As shown in the table below, the results are extremly good even for "large" values of $r$. $$\left( \begin{array}{ccc} r& \text{approximation} & \text{exact} \\ 0.005 & 0.214606 & 0.214606 \\ 0.010 & 0.269763 & 0.269763 \\ 0.015 & 0.308200 & 0.308200 \\ 0.020 & 0.338625 & 0.338625 \\ 0.025 & 0.364183 & 0.364183 \\ 0.030 & 0.386414 & 0.386414 \\ 0.035 & 0.406202 & 0.406202 \\ 0.040 & 0.424105 & 0.424105 \\ 0.045 & 0.440501 & 0.440501 \\ 0.050 & 0.455660 & 0.455660 \\ 0.055 & 0.469783 & 0.469783 \\ 0.060 & 0.483021 & 0.483021 \\ 0.065 & 0.495495 & 0.495495 \\ 0.070 & 0.507300 & 0.507300 \\ 0.075 & 0.518513 & 0.518513 \\ 0.080 & 0.529200 & 0.529200 \\ 0.085 & 0.539414 & 0.539414 \\ 0.090 & 0.549200 & 0.549200 \\ 0.095 & 0.558598 & 0.558597 \\ 0.100 & 0.567640 & 0.567639 \\ 0.105 & 0.576356 & 0.576355 \\ 0.110 & 0.584771 & 0.584770 \\ 0.115 & 0.592908 & 0.592907 \\ 0.120 & 0.600787 & 0.600786 \\ 0.125 & 0.608424 & 0.608423 \\ 0.130 & 0.615837 & 0.615836 \\ 0.135 & 0.623039 & 0.623038 \\ 0.140 & 0.630043 & 0.630041 \\ 0.145 & 0.636861 & 0.636859 \\ 0.150 & 0.643504 & 0.643501 \\ 0.155 & 0.649980 & 0.649977 \\ 0.160 & 0.656299 & 0.656296 \\ 0.165 & 0.662469 & 0.662465 \\ 0.170 & 0.668497 & 0.668493 \\ 0.175 & 0.674390 & 0.674386 \\ 0.180 & 0.680155 & 0.680150 \\ 0.185 & 0.685797 & 0.685792 \\ 0.190 & 0.691323 & 0.691317 \\ 0.195 & 0.696736 & 0.696729 \\ 0.200 & 0.702042 & 0.702035 \end{array} \right)$$
On
Using zwin's suggestion, using $t=\tan \left(\frac{x}{2}\right)$, $$\tan(x)-\sin(x)-r=0\implies r t^4+4 t^3-r=0$$ We can solve the quartic equation with radicals (ugly/monstreous solutions) and develop the valid one as Taylor series around $r=0$. Using $z=\sqrt[3]{2r}$, this leads to $$t=\frac{z}{2}-\frac{z^5}{96}+\frac{z^9}{1536}-\frac{35 z^{13}}{663552}+\frac{77 z^{17}}{15925248}+O\left(z^{21}\right)$$
Now, using $x=2 \tan ^{-1}(t)$ and repeating the expansion, we get
$$x=z-\frac{z^3}{12}-\frac{z^5}{120}+\frac{z^7}{336}+\frac{z^9}{2304}-\frac{5 z^{11}}{25344}-\frac{35 z^{13}}{1078272}+\frac{z^{15}}{61440}+\frac{385 z^{17}}{135364608}+O\left(z^{19}\right)$$
For $r=\frac 12$ that is to say $z=1$, the above expansion gives as an estimate $x=\frac{617563433269}{677499863040}\approx 0.911533$ while the "exact" solution would be $0.911531$.

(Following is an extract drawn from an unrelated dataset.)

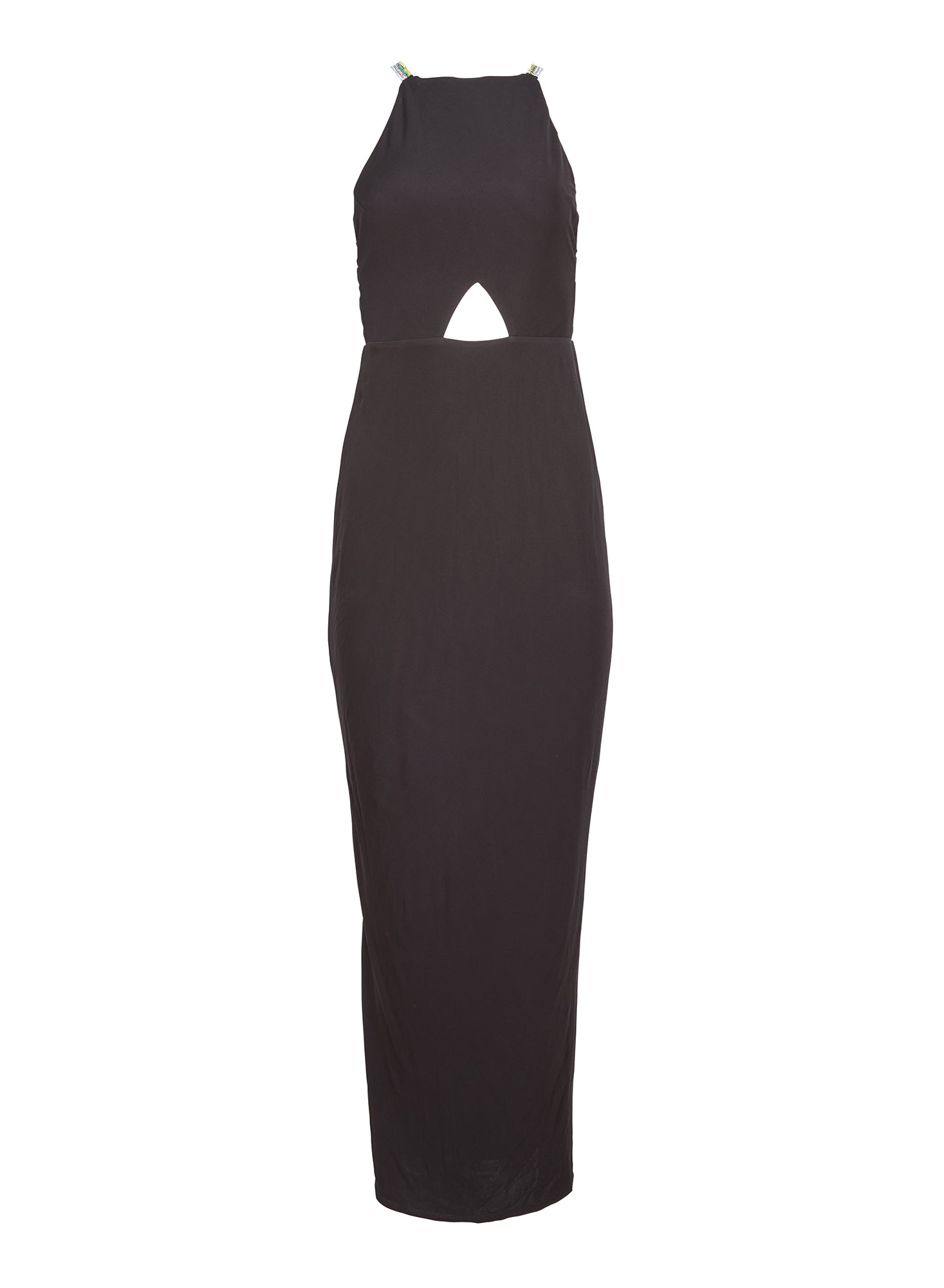 Cut from luxe, soft matte jersey with a flattering racer neck and playful keyhole cutout. Features stunning rhinestone crystal chain straps and a sexy low back with an invisible zipper closure.

For $r=\frac 1{100}$, this would lead to the approximation $$x=0.269763141387359251$$ while the "exact" solution would be $$x=0.269763141387359224$$
It $\sin(\theta) = x \in (0,\pi/2)$, $\tan(\theta) = x/\sqrt{1-x^2}$. The equation $\tan(\theta) - \sin(\theta) = r$ then implies $${x}^{4}+2\,r{x}^{3}+{r}^{2}{x}^{2}-2\,rx-{r}^{2} = 0$$ For $r = 1/100$ this is irreducible. It does have closed-form solutions in terms of radicals, but they are not pleasant. Numerical methods can be used.